Problem to work on: A faithful copy is required of the lines from the top of the entries through the line that contains "a. With key", both included, with no pictures.

Data items:

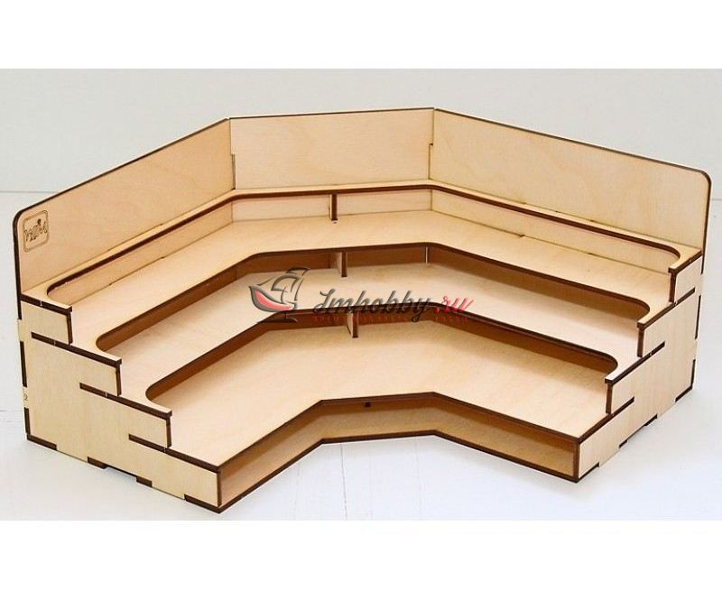 Набор заготовок для сборки углового модуля-органайзера со ступенчатыми полочками. Данный модуль позволит вам достаточно оптимально использовать угловое пространство рабочего стола при сборке модульного рабочего места.
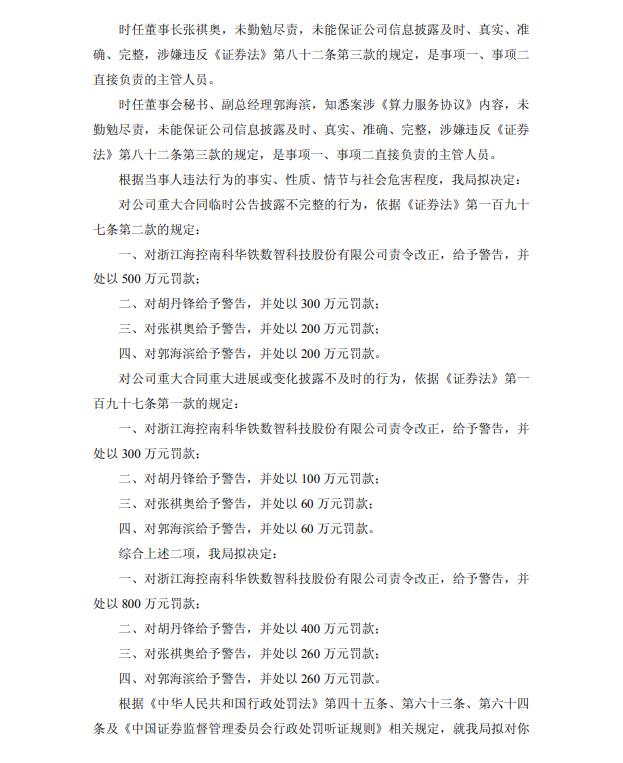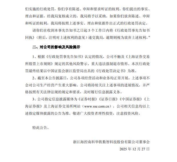 海南华铁(603300.SH)公告称,公司收到中国证监会浙江监管局下发的《行政处罚事先告知书》。经查明,公司重大合同临时公告披露不完整,未披露对协议履行有重大影响的条款;重大合同重大进展或变化披露不及时。公司拟被责令改正,给予警告,并处以800万元罚款。此外,公司时任总经理、董事胡丹锋,时任董事长张祺奥,时任董事会秘书、副总经理郭海滨也拟被处以罚款。公司表示,不触及其他风险警示、重大违法强制退市情形,目前经营活动和业务均正常开展。
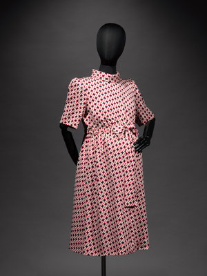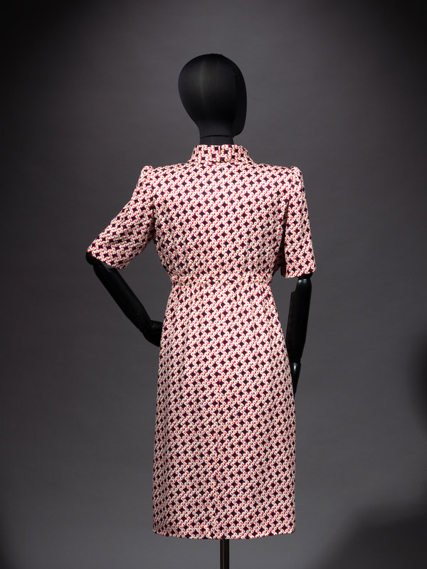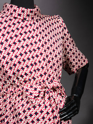 Haute Couture red, blue, and white geometric print silk maternity dress with rolled collar, short sleeves with shoulder pads, cinched tie front waist over flared skirt, and center back zipper closure.
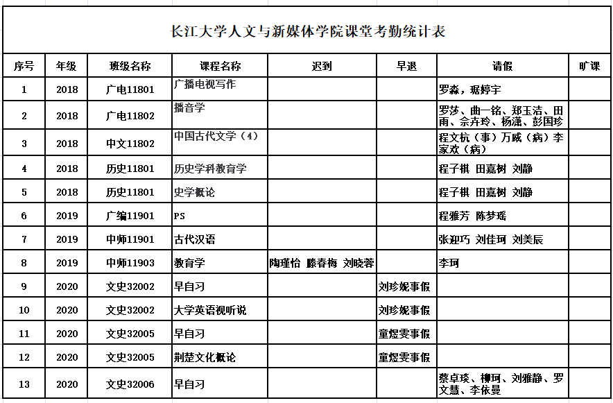 4月29日,公司组织员工干部对18、19、20级30个班的20门课程进行56次课堂考勤,100%到课率43次,现将考勤结果公布如下:
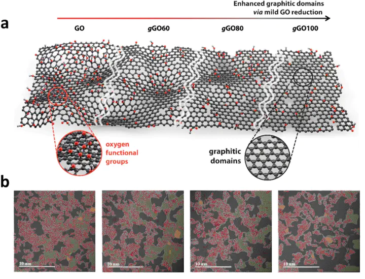 Graphene oxide (GO) has emerged as a prominent membrane material due to its potential for precise gas and liquid separations enabled by surface modification and channel optimisation. Here, we present tunable graphitic nanofluidic channels-containing GO (gGO) membranes, characterised by a continuous sp2 hybridised carbon lattice distributed across 35 %–72 % of their structure. This architecture enables exceptional water vapour permeability through a Fickian diffusion mechanism, contrasting the non-Fickian transport typically observed in conventional GO membranes. Our findings demonstrate ultrafast water vapour transport through well-defined hydrophobic nanofluidic channels, achieving enhanced water vapour/N2 selectivity. Utilising scalable, top-down multi-scale simulations based on the inverse Ising method, we elucidate the critical role of graphitic sp2 domains in optimising selective diffusion pathways for water molecules. The resulting gGO-based thin-film composite membranes deliver state-of-the-art water vapour/gas separation applications, showcasing their potential for advanced humidification or dehumidification applications.
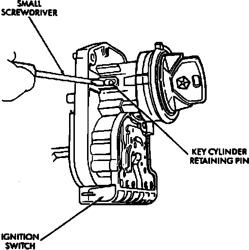 a. With key inserted and switch in Lock position, use a small screwdriver to depress ignition lock retaining pin flush with lock cylinder surface.
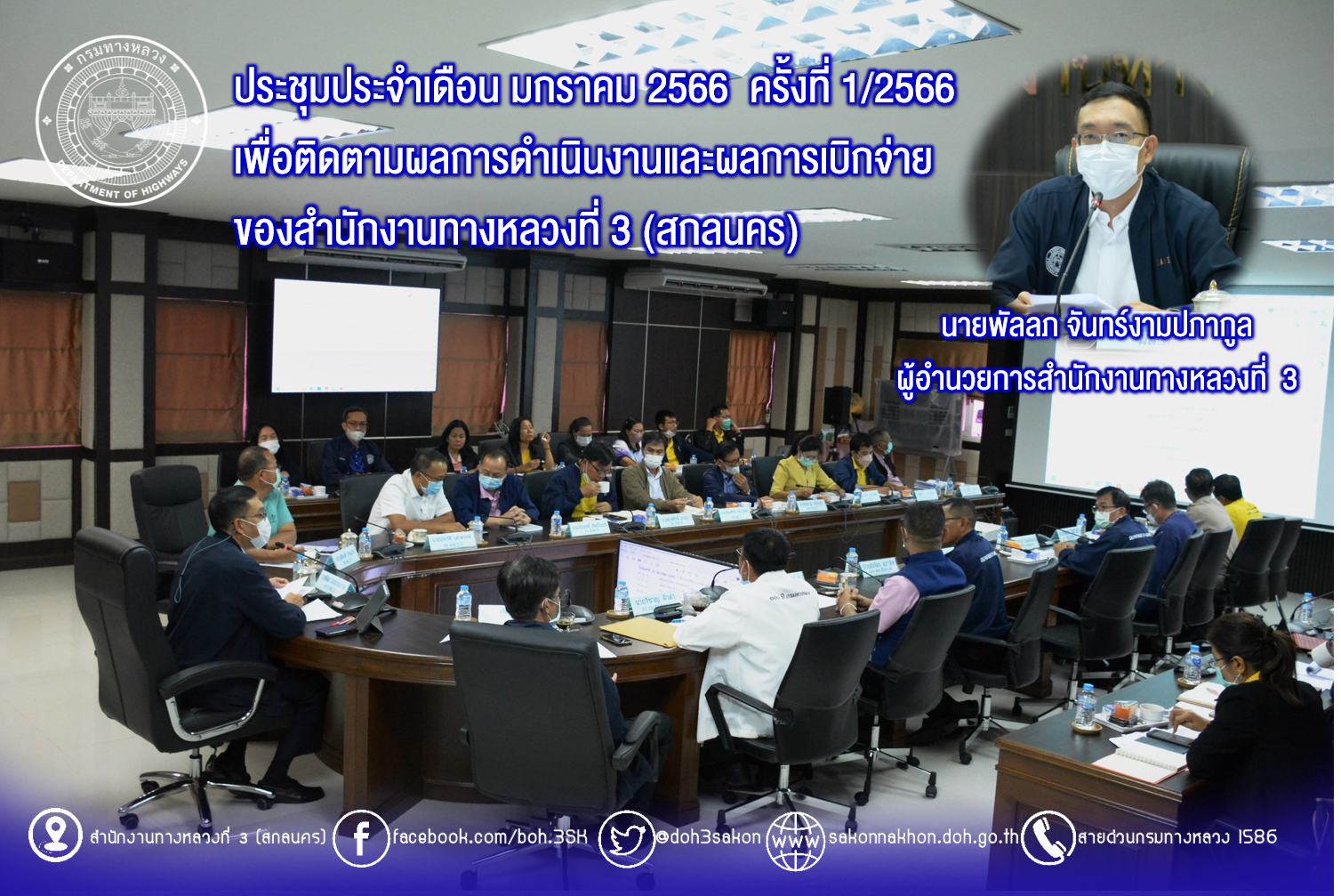 นายพัลลภ จันทร์งามปภากูล ผู้อำนวยการสำนักงานทางหลวงที่ 3 เป็นประธาน ประชุมประจำเดือน มกราคม 2566 ครั้งที่ 1/2566

Problem solution:
 Набор заготовок для сборки углового модуля-органайзера со ступенчатыми полочками. Данный модуль позволит вам достаточно оптимально использовать угловое пространство рабочего стола при сборке модульного рабочего места.
 海南华铁(603300.SH)公告称,公司收到中国证监会浙江监管局下发的《行政处罚事先告知书》。经查明,公司重大合同临时公告披露不完整,未披露对协议履行有重大影响的条款;重大合同重大进展或变化披露不及时。公司拟被责令改正,给予警告,并处以800万元罚款。此外,公司时任总经理、董事胡丹锋,时任董事长张祺奥,时任董事会秘书、副总经理郭海滨也拟被处以罚款。公司表示,不触及其他风险警示、重大违法强制退市情形,目前经营活动和业务均正常开展。
 Haute Couture red, blue, and white geometric print silk maternity dress with rolled collar, short sleeves with shoulder pads, cinched tie front waist over flared skirt, and center back zipper closure.
 4月29日,公司组织员工干部对18、19、20级30个班的20门课程进行56次课堂考勤,100%到课率43次,现将考勤结果公布如下:
 Graphene oxide (GO) has emerged as a prominent membrane material due to its potential for precise gas and liquid separations enabled by surface modification and channel optimisation. Here, we present tunable graphitic nanofluidic channels-containing GO (gGO) membranes, characterised by a continuous sp2 hybridised carbon lattice distributed across 35 %–72 % of their structure. This architecture enables exceptional water vapour permeability through a Fickian diffusion mechanism, contrasting the non-Fickian transport typically observed in conventional GO membranes. Our findings demonstrate ultrafast water vapour transport through well-defined hydrophobic nanofluidic channels, achieving enhanced water vapour/N2 selectivity. Utilising scalable, top-down multi-scale simulations based on the inverse Ising method, we elucidate the critical role of graphitic sp2 domains in optimising selective diffusion pathways for water molecules. The resulting gGO-based thin-film composite membranes deliver state-of-the-art water vapour/gas separation applications, showcasing their potential for advanced humidification or dehumidification applications.
 a. With key inserted and switch in Lock position, use a small screwdriver to depress ignition lock retaining pin flush with lock cylinder surface.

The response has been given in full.